Turing’s importance runs deeper than the famous test. Oxford’s historical material on his work points out that even before the 1950 paper, he had already been sketching programs and architectures for machine intelligence in the late 1940s. With hindsight, those writings read like an early manifesto for AI, including thoughts about learning systems and artificial neural structures. He was asking what intelligence in a machine would require before the field had the language to organize itself around that question.
That matters because later histories often flatten Turing into a single thought experiment. He was not just the man who proposed a test. He was one of the first people to treat machine intelligence as an engineering project rather than a philosophical curiosity. The Computer History Museum’s timeline places his work as a prelude to later AI milestones for exactly that reason: he framed intelligence as something computers might display, not merely calculate around.

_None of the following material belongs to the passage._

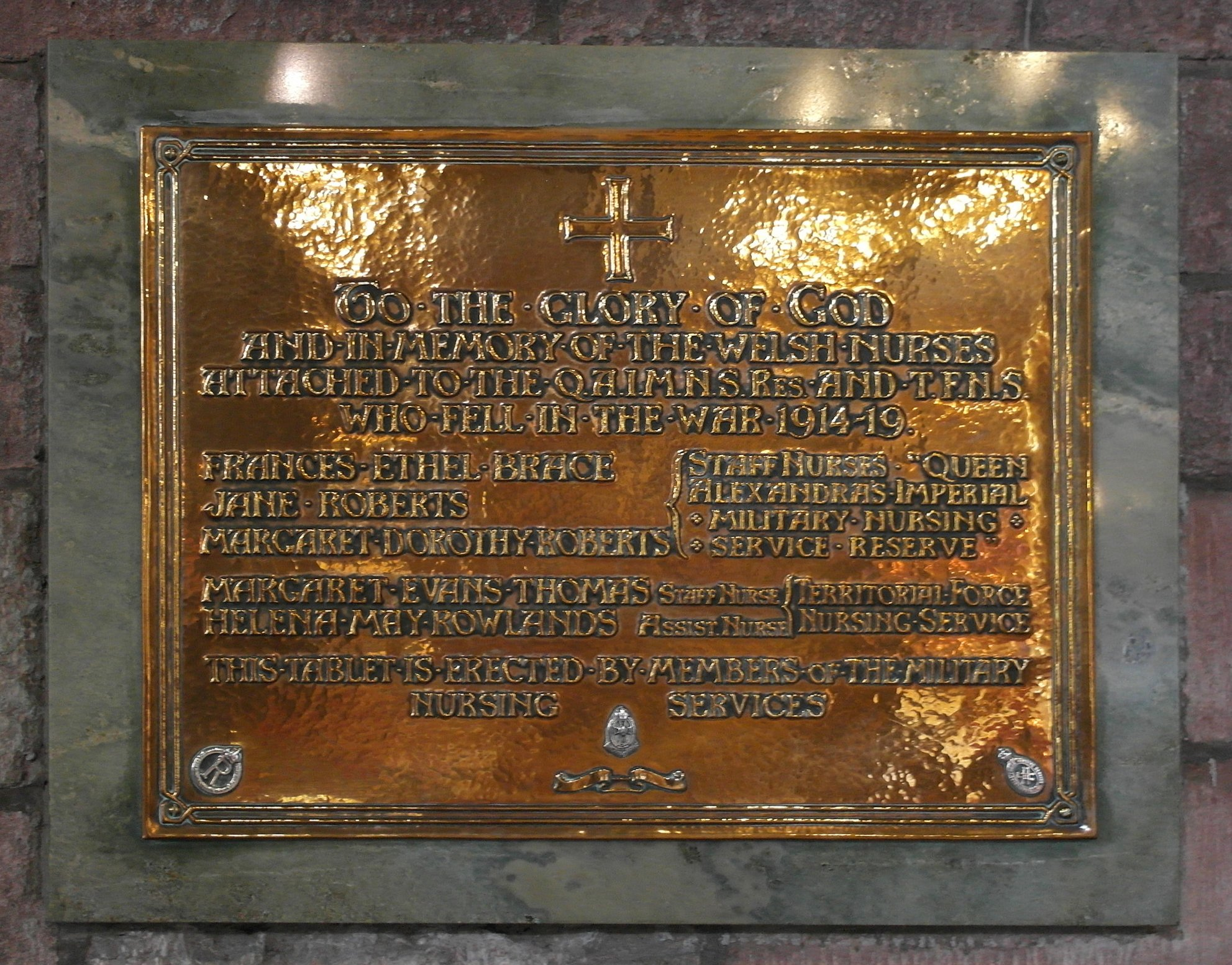 Brass memorial dedicated to military nurses that lost their lives in the Great War. It is situated in St Asaph Cathedral

Still, calling Turing’s 1950 paper the first AI would stretch the term beyond usefulness. A paper is not a runnable system. A conceptual framework is not yet a demonstrated program. Turing deserves credit for shifting the problem from speculation to design, but not for producing the clearest early machine that historians can point to and say, yes, this was AI in action. That distinction is small on social media and huge in serious history.
There is a second reason Turing should not simply be crowned and the case closed. The standard most historians use for the first AI is not “who first imagined it,” but “who first built something that instantiated a recognizable AI method.” On that measure, Turing is the intellectual ancestor, not the final answer. He made later work legible. He did not settle the race.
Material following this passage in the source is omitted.